🤖 AI Summary
Large language models (LLMs) suffer from low accuracy and frequent logical or arithmetic errors in mathematical reasoning. Method: This paper proposes Chain-of-Self-Correction (CoSC), a mechanism enabling LLMs to autonomously generate executable code, execute it for verification, and iteratively refine outputs. Crucially, self-correction is internalized as an intrinsic reasoning paradigm—eliminating reliance on external models (e.g., GPT-4) for supervision. Training employs a two-stage demonstration-free zero-shot instruction fine-tuning, leveraging both seed data and high-quality self-generated data. Results: The approach achieves 53.5% accuracy on the MATH benchmark using purely textual, open-source LLMs—surpassing multimodal closed-source models including GPT-4, GPT-4V, and Gemini-1.0 for the first time. This establishes a new paradigm for cost-effective, high-fidelity mathematical reasoning.
📝 Abstract
Accurate mathematical reasoning with Large Language Models (LLMs) is crucial in revolutionizing domains that heavily rely on such reasoning. However, LLMs often encounter difficulties in certain aspects of mathematical reasoning, leading to flawed reasoning and erroneous results. To mitigate these issues, we introduce a novel mechanism, the Chain of Self-Correction (CoSC), specifically designed to embed self-correction as an inherent ability in LLMs, enabling them to validate and rectify their own results.
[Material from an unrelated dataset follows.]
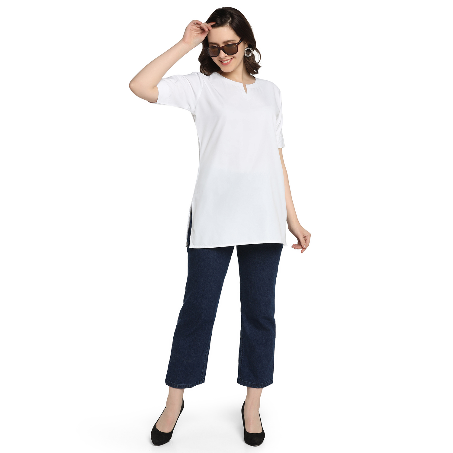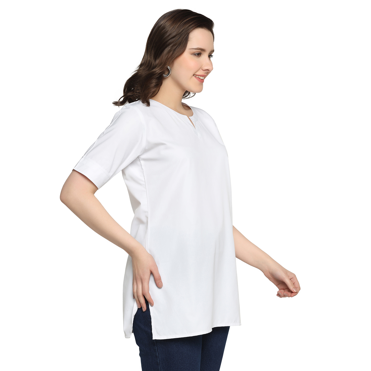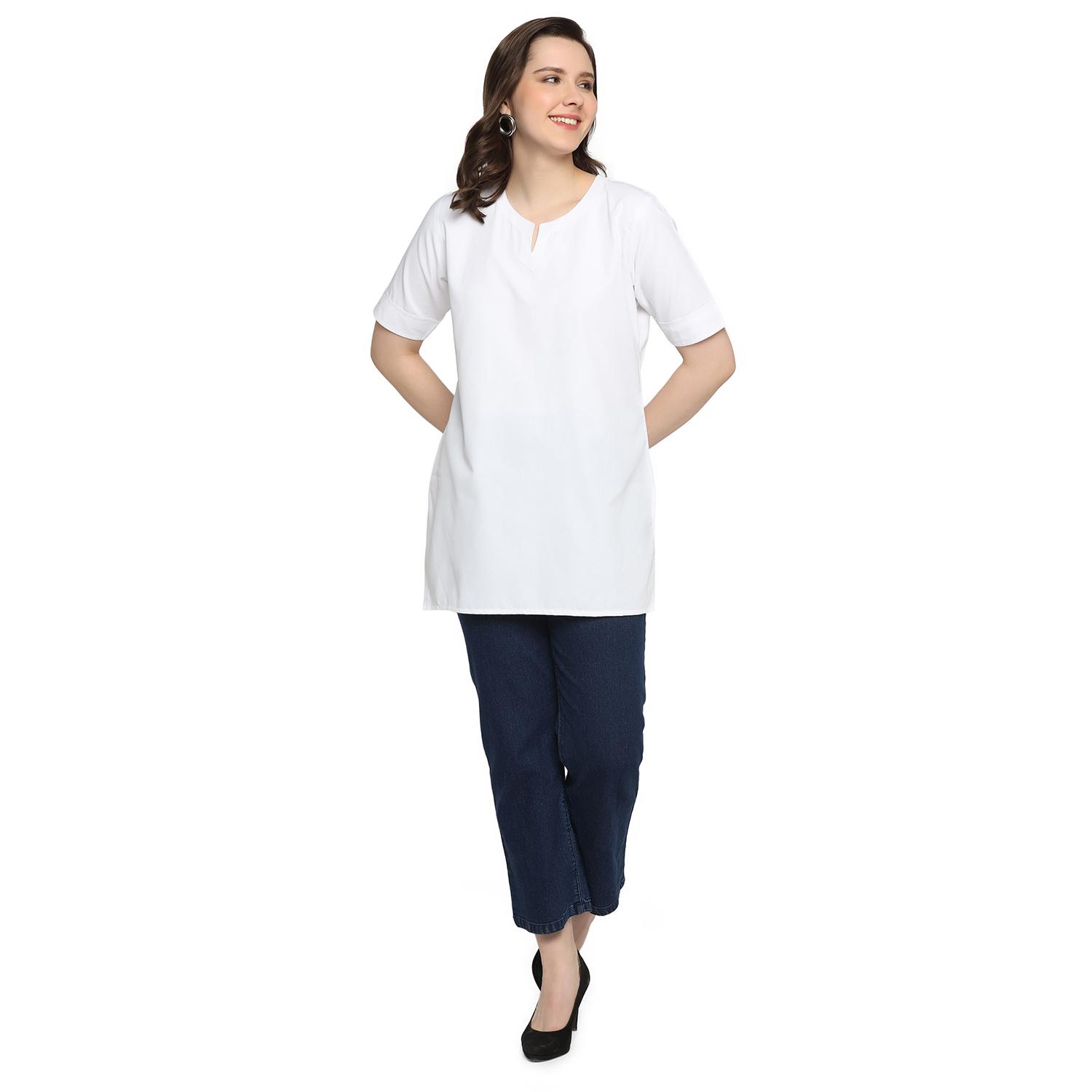 • Style: Minimal notch neck, half sleeves

The CoSC mechanism operates through a sequence of self-correction stages. In each stage, the LLMs generate a program to address a given problem, execute this program using program-based tools to obtain an output, subsequently verify this output. Based on the verification, the LLMs either proceed to the next correction stage or finalize the answer. This iterative self-correction process allows the LLMs to refine its reasoning steps and improve the accuracy of its mathematical reasoning. We implement CoSC using a two-phase fine-tuning approach. First, LLMs are trained with a relatively small volume of seeding data generated from GPT-4. Then, we enhance CoSC by training with a larger volume of self-generated data, without relying on GPT-4. Experiments show that CoSC significantly boosts performance on standard mathematical datasets compared to existing open-source LLMs. Notably, our CoSC-Code-34B model achieved a 53.5% score on the challenging MATH dataset, outperforming models like ChatGPT, GPT-4, and multi-modal LLMs such as GPT-4V and Gemini-1.0. Importantly, CoSC operates in a zero-shot manner without requiring demonstrations.